Task: In the listing below, find the line containing "2023年3月14日から開催!TVアニメ「進撃の巨人」The Final Season" and the line containing "- Table 5: Mechanical", then copy exactly everything from the first through the second, except the pictures.

Exercise inputs:
((
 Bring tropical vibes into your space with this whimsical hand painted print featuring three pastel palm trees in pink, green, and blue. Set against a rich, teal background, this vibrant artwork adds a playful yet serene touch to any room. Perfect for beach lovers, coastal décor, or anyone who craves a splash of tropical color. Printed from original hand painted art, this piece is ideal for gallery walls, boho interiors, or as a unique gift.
))
((
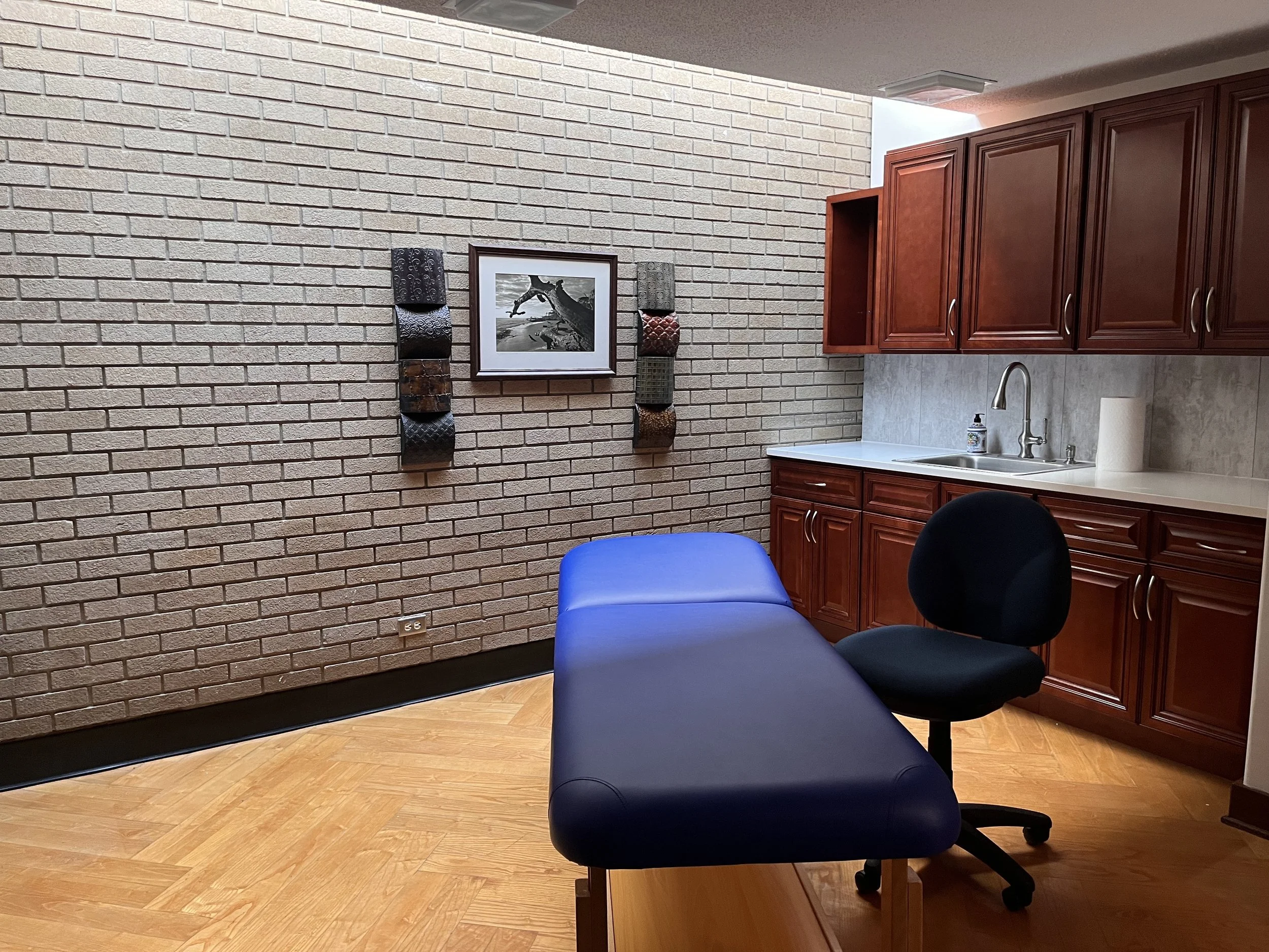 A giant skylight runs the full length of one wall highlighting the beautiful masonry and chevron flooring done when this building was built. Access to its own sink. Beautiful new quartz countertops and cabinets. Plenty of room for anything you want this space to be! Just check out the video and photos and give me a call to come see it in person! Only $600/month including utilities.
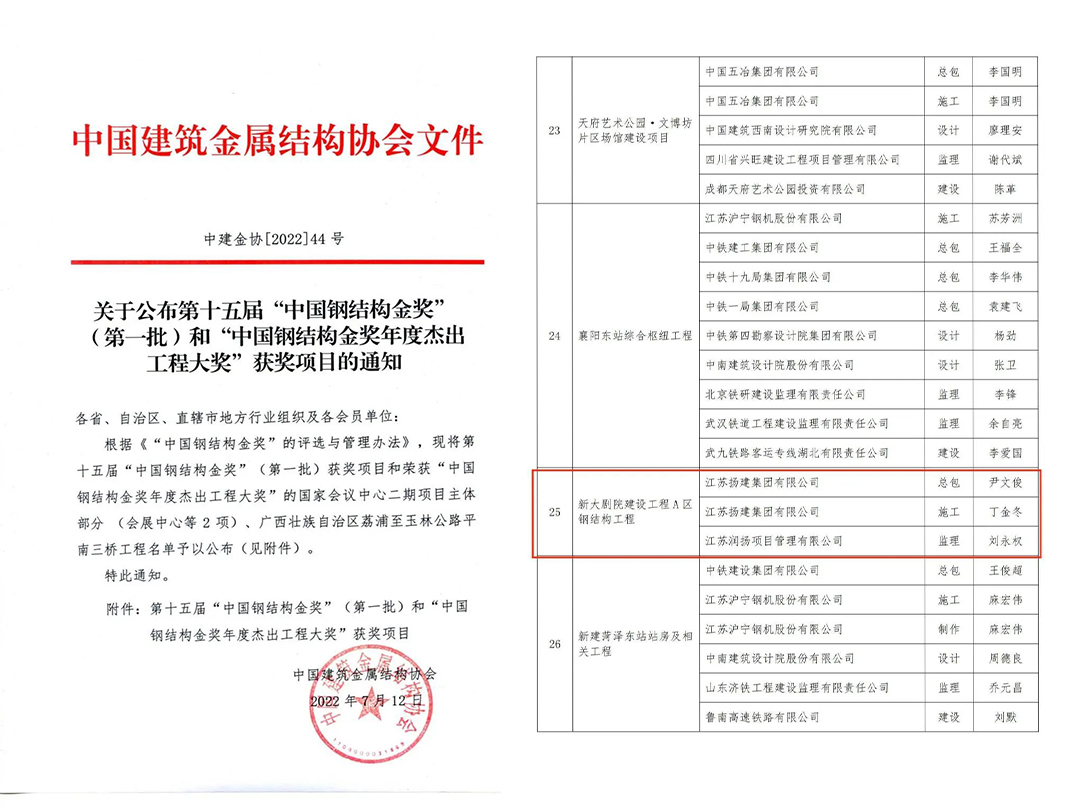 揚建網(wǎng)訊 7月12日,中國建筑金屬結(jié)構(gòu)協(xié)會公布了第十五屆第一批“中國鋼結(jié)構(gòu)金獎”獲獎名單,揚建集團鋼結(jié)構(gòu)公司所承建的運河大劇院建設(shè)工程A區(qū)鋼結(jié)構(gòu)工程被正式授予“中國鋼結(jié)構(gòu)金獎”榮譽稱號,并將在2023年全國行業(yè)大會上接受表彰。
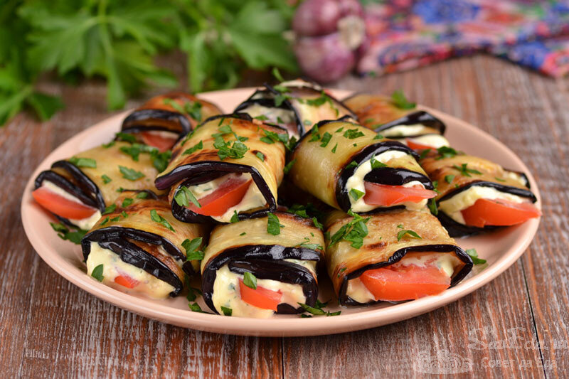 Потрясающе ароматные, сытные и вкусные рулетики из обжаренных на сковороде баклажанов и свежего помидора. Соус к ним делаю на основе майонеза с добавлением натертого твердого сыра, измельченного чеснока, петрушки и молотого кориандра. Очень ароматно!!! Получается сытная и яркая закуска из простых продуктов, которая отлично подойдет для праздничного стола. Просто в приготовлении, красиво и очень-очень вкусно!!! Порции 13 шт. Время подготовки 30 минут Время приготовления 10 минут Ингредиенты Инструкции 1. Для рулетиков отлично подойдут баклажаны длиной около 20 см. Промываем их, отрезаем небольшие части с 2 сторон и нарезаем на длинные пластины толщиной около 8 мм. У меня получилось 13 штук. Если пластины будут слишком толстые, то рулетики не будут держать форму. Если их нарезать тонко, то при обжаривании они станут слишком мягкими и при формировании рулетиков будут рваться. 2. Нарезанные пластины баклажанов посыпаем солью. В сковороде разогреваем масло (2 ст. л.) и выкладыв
))
((
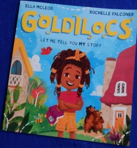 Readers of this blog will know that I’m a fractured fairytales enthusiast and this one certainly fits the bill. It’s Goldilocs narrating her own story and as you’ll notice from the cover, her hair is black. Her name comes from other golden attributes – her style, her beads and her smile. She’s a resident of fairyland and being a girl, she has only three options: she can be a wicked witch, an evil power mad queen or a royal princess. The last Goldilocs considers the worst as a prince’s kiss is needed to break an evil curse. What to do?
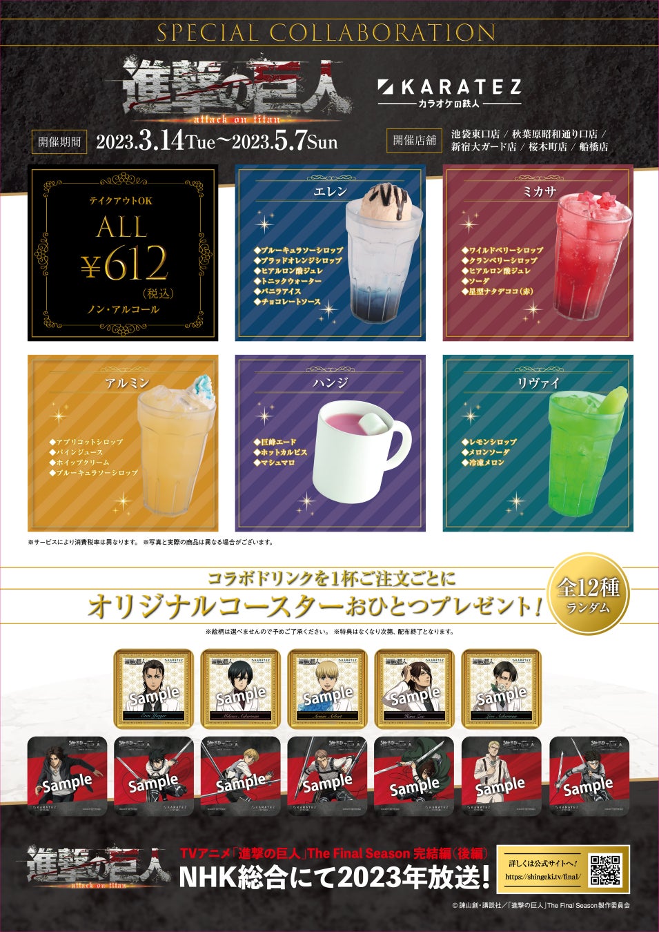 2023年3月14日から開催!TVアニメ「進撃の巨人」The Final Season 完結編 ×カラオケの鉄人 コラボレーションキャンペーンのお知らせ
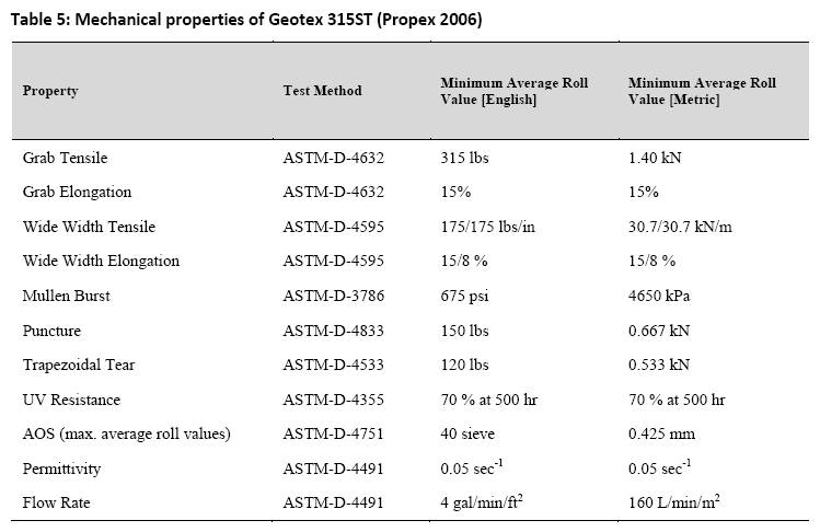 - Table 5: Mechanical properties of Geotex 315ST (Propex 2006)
))
Answer:
 2023年3月14日から開催!TVアニメ「進撃の巨人」The Final Season 完結編 ×カラオケの鉄人 コラボレーションキャンペーンのお知らせ
 - Table 5: Mechanical properties of Geotex 315ST (Propex 2006)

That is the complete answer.